+++ STORED DATA +++
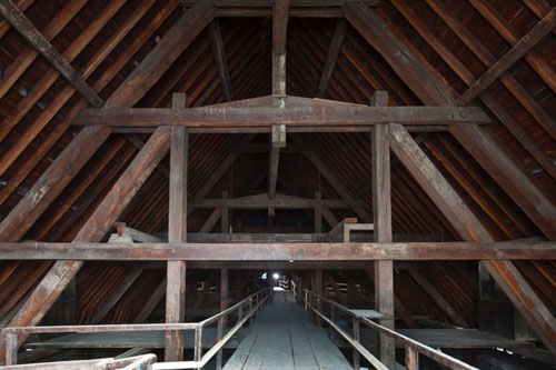 Các thanh gỗ lớn trên mái ṿm nhà thờ Đức Bà Paris được cho là làm từ những cây gỗ 300-400 năm tuổi. Ảnh: CNN.
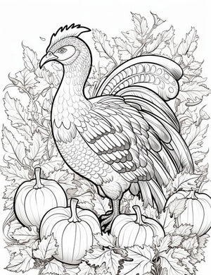 Printable Thanksgiving turkey coloring pages, toy camera style, birds-eye-view, strong facial expression, ottoman art, tender nature depiction
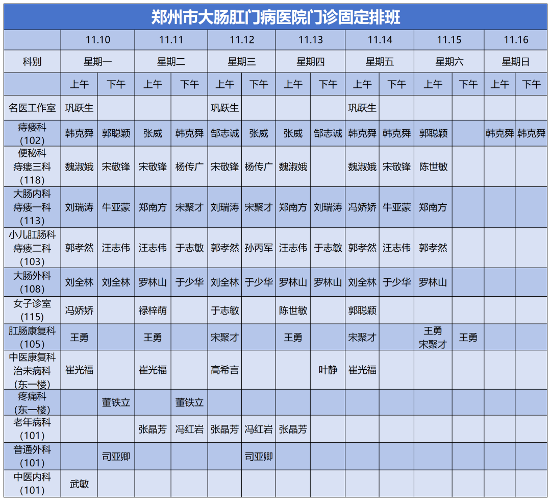 【就诊信息】门诊医生出诊排班表(11月10日——11月16日)
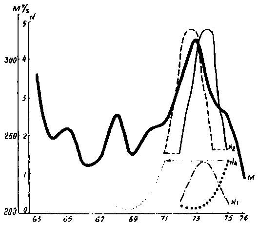 Fig. 8 - Effectifs (milliards dexemplaires) du premier (N1), du deuxième (N2) et du quatrième (N4) groupes dâge de la sardine, intensité de lupwelling (M) au cours de la première année de vie
+++
> EXERCISE DESCRIPTION:
Reproduce the whole listing word for word, setting aside any pictures.

> TASK SOLUTION:
 Các thanh gỗ lớn trên mái ṿm nhà thờ Đức Bà Paris được cho là làm từ những cây gỗ 300-400 năm tuổi. Ảnh: CNN.
 Printable Thanksgiving turkey coloring pages, toy camera style, birds-eye-view, strong facial expression, ottoman art, tender nature depiction
 【就诊信息】门诊医生出诊排班表(11月10日——11月16日)
 Fig. 8 - Effectifs (milliards dexemplaires) du premier (N1), du deuxième (N2) et du quatrième (N4) groupes dâge de la sardine, intensité de lupwelling (M) au cours de la première année de vie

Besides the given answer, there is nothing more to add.